Another of Kneale’s notable BBC television plays was The Year of the Sex Olympics (1968). This ‘lost classic’ portrays a dystopian ‘soft fascism of leisure and pornography’ in which couples ‘compete’ against each other live on camera while the producers monitor audience feedback in real time. The TV station, which has a ‘cool the audience, cool the world’ philosophy, is run by an ‘educated elite conscious of the populist processes at work.’ Even as early as 1968, Kneale himself had been ‘disturbed by the hypnotic power of mass entertainment’, and the play duly reflects this. Hilariously, Young writes that Mary Whitehouse had tried to prevent the show from being made based on the title alone: ‘If she had taken the trouble to read [the script], she might have realised that Kneale’s position […] was not so far from her own.’

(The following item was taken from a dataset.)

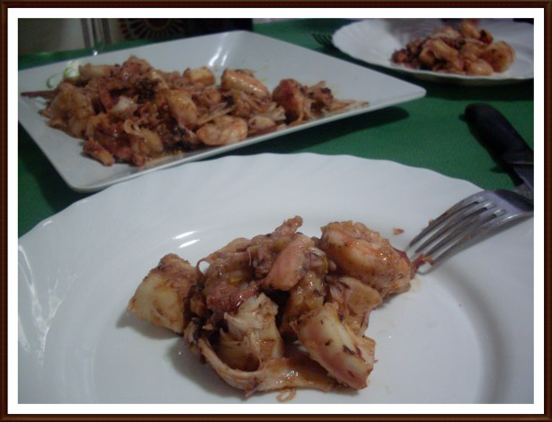 Si veis la foto de la revista, le da mil vueltas a la mía. En ella se diferencia perfectamente los langostinos, el pulpo, se ve salsita…. Pero no se como se han arreglado para que salga con ese aspecto. A mi me ha salido tal cual veis, todo mezclado, todo con el mismo color y el aceite bien integrado en todos los ingredientes. Eso si, aunque no me quedara una foto de libro…. el sabor es otra cosa, me parece un plato riquísimo. Y además se hace super rápido si dejamos el pulpo cocido con antelación o lo compramos ya así.

The ‘educated elite’ of Kneale’s The Year of the Sex Olympics is a thinly-veiled parody of the BBC itself, an organisation which has historically been patrician, patriarchal, and paternalistic in equal measure. But, crucially, the BBC did give Kneale’s work the greenlight. Similarly, the BBC’s Play for Today series, which ran from 1970 to 1984, ‘exposed a broad spectrum of viewers to a host of new ideas and scenarios featuring the young, the working class, the underprivileged and the compromised, as well as the elderly and the educated.’ The Play for Today ‘made few concessions to populism, acted as a hothouse for emerging auteur directors and covered a bewildering range of subjects, from nuclear attack to social realism, wyrd English mythos, and Borstal brutalism.’

Young concludes by reaffirming the importance of the BBC as a publicly-owned broadcaster, partly in response to the Conservatives’ proposals to scrap the licence fee after the 2019 election. Young argues that such changes ‘would remove a vital backbone of British cultural life.’ While many of the works discussed in The Magic Box were produced by commercial enterprises such as Hammer Films, ITV, or Channel 4, the most interesting by far are those made by the BBC, who had the financial security of the licence fee. Despite the BBC’s many flaws, Young argues that these peculiar and subversive works ‘would never have made it past the proposal stage in a meeting with the commissioning editors of a global streaming service. Too quirky, too local, too slow, too dry, too difficult, too weird.’

The Magic Box portrays television as a form for experiment, inquiry and ambiguity, a stage for the working-out of values rather than their prescription or proscription. It is for this reason that a plural and democratic state broadcaster is crucial.